DATA PROVIDED >>

╭──

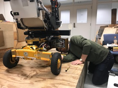 私たちの電動車いすは、研究開発中のものですので、日々の改良、丁寧なメンテナンスが必要です。一つ一つのパーツをしっかりと確認し、問題がないように整備します。例えば、シートや天板、車輪のねじ1本の閉まり具合についても、1つ1つチェックしています。このように、チームメンバー同士が協力し合い、日々のメンテナンスを通して、私たちの機体を最高の状態に仕上げる努力をしています。
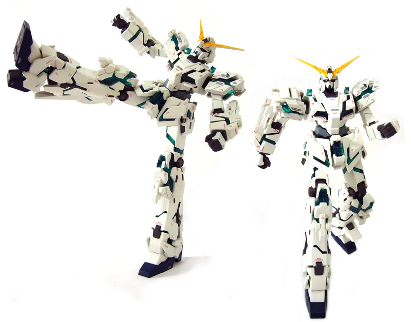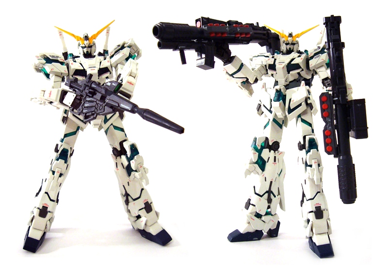 Headlining the Mobile Suit Gundam Unicorn OVA, the RX-0 Unicorn Gundam robot is a deadly unit piloted by Banagher Links. Its basic form features a single “horn” which earns it its name, as well as unique “psycoframe” receptors that boost its response time and agility. Thanks to an ingenious friend of the pilot, the Unicorn is upgraded to its Full Armor Mode. In this configuration the armor is expanded to reveal shining green components, the face becomes more human, and the horn splits into a “V” shape. Beyond the cosmetic differences though, the Unicorn Gundam receives a massive array of weapons and equipment including guns, shields, and booster rockets!
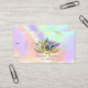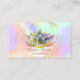 Cartão de visita de na moda elegante com lótus e círculos dourados em fundo holográfico.
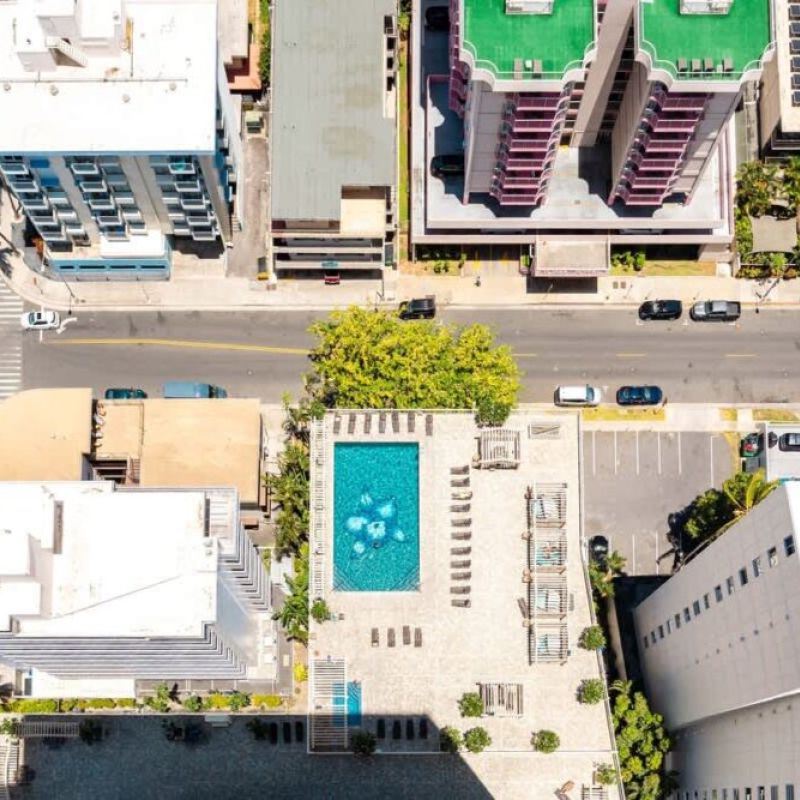 building from the pool.
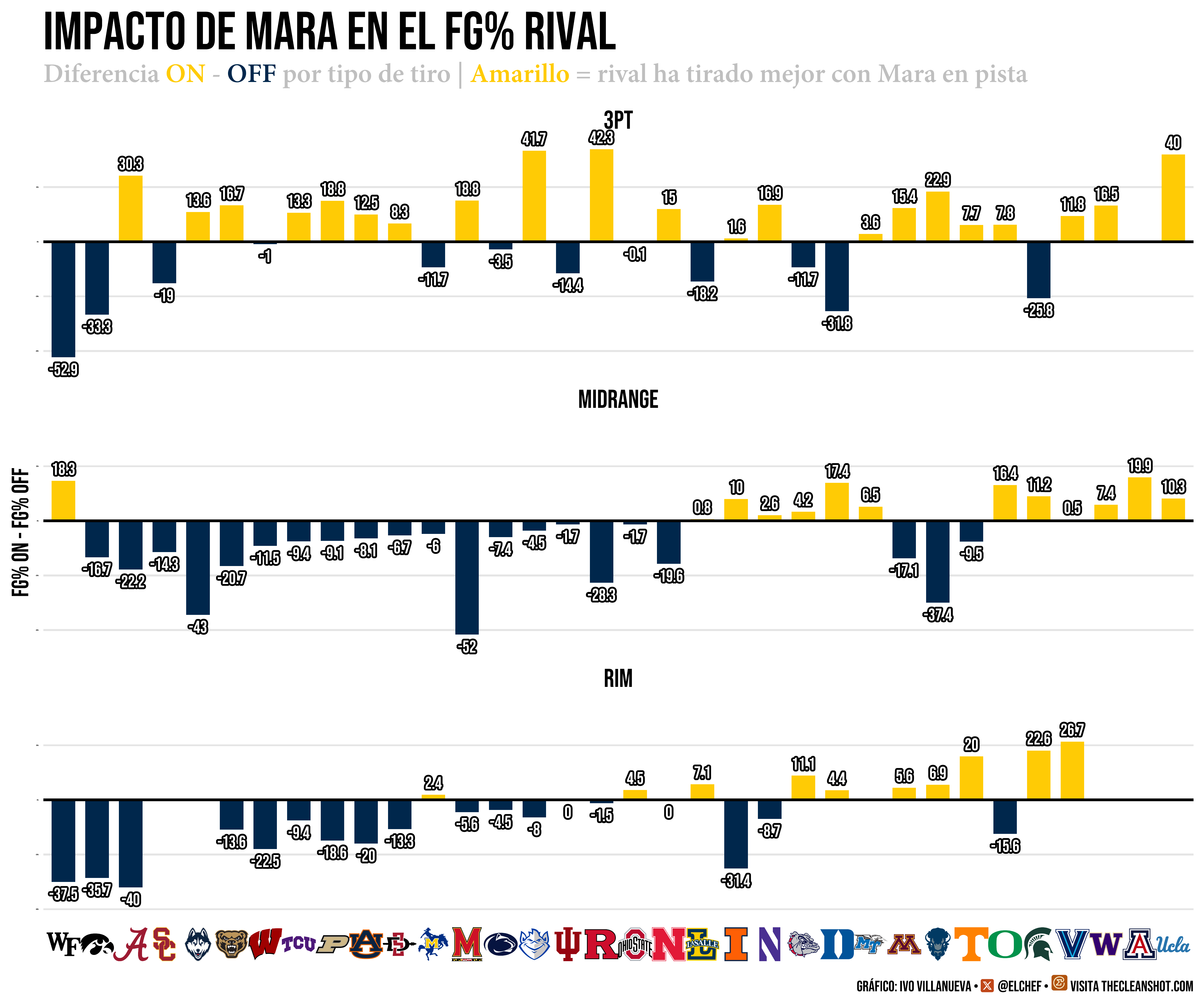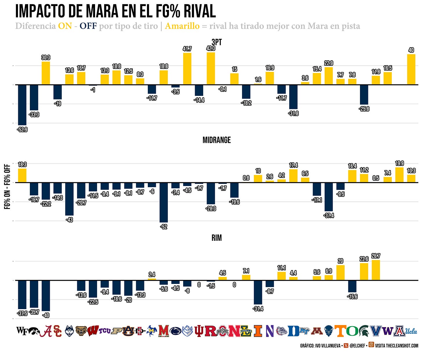 Partido a partido, equipo a equipo: la mayoría tira peor con Mara en pista, especialmente en media distancia y en el aro. No todos, hay noches donde los triples caen de todos modos, donde la defensa colectiva cede. Pero la tendencia es brutal y consistente. Mara no es una anomalía estadística de tres partidos. Son 40 encuentros de impacto defensivo documentado. Lo saben los entrenadores rivales. Lo saben sus compañeros. Y lo saben, sobre todo, los scouts de la NBA que llevan meses en las gradas de Ann Arbor.
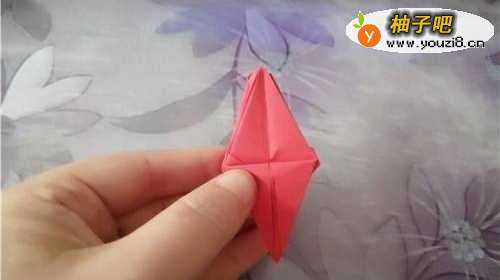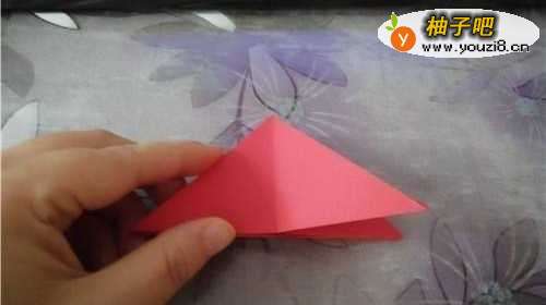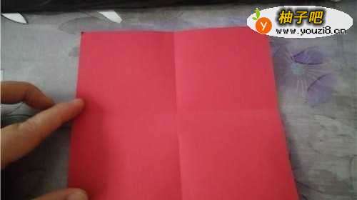 先把彩纸的两边对折,翻到背面,再把四个角向内折,然后再把中线对折。

╰──

YOUR OBJECTIVE >> The whole listing should be restated word for word, with no pictures.

RESULT BELOW >>
 私たちの電動車いすは、研究開発中のものですので、日々の改良、丁寧なメンテナンスが必要です。一つ一つのパーツをしっかりと確認し、問題がないように整備します。例えば、シートや天板、車輪のねじ1本の閉まり具合についても、1つ1つチェックしています。このように、チームメンバー同士が協力し合い、日々のメンテナンスを通して、私たちの機体を最高の状態に仕上げる努力をしています。
 Headlining the Mobile Suit Gundam Unicorn OVA, the RX-0 Unicorn Gundam robot is a deadly unit piloted by Banagher Links. Its basic form features a single “horn” which earns it its name, as well as unique “psycoframe” receptors that boost its response time and agility. Thanks to an ingenious friend of the pilot, the Unicorn is upgraded to its Full Armor Mode. In this configuration the armor is expanded to reveal shining green components, the face becomes more human, and the horn splits into a “V” shape. Beyond the cosmetic differences though, the Unicorn Gundam receives a massive array of weapons and equipment including guns, shields, and booster rockets!
 Cartão de visita de na moda elegante com lótus e círculos dourados em fundo holográfico.
 building from the pool.
 Partido a partido, equipo a equipo: la mayoría tira peor con Mara en pista, especialmente en media distancia y en el aro. No todos, hay noches donde los triples caen de todos modos, donde la defensa colectiva cede. Pero la tendencia es brutal y consistente. Mara no es una anomalía estadística de tres partidos. Son 40 encuentros de impacto defensivo documentado. Lo saben los entrenadores rivales. Lo saben sus compañeros. Y lo saben, sobre todo, los scouts de la NBA que llevan meses en las gradas de Ann Arbor.
 先把彩纸的两边对折,翻到背面,再把四个角向内折,然后再把中线对折。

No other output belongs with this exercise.